--- SUPPLIED INFORMATION ---
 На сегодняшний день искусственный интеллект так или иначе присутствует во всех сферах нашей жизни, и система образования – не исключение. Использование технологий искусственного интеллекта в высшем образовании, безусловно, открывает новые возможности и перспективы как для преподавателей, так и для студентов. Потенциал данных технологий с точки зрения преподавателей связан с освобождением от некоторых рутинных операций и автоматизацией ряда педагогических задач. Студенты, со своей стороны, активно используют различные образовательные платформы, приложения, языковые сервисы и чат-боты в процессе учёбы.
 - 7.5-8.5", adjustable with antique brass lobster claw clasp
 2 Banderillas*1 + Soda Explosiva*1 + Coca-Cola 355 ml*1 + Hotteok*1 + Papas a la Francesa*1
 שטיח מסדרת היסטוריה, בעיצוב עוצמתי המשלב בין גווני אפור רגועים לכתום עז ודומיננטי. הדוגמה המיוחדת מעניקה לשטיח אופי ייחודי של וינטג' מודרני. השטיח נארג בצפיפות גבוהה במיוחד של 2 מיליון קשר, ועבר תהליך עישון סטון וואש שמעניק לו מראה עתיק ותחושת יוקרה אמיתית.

--- WORK ORDER ---
Set each line down exactly, beginning at the one containing "2 Banderillas*1 +" and ending at the last line of the material above.

--- RESPONSE BOX ---
 2 Banderillas*1 + Soda Explosiva*1 + Coca-Cola 355 ml*1 + Hotteok*1 + Papas a la Francesa*1
 שטיח מסדרת היסטוריה, בעיצוב עוצמתי המשלב בין גווני אפור רגועים לכתום עז ודומיננטי. הדוגמה המיוחדת מעניקה לשטיח אופי ייחודי של וינטג' מודרני. השטיח נארג בצפיפות גבוהה במיוחד של 2 מיליון קשר, ועבר תהליך עישון סטון וואש שמעניק לו מראה עתיק ותחושת יוקרה אמיתית.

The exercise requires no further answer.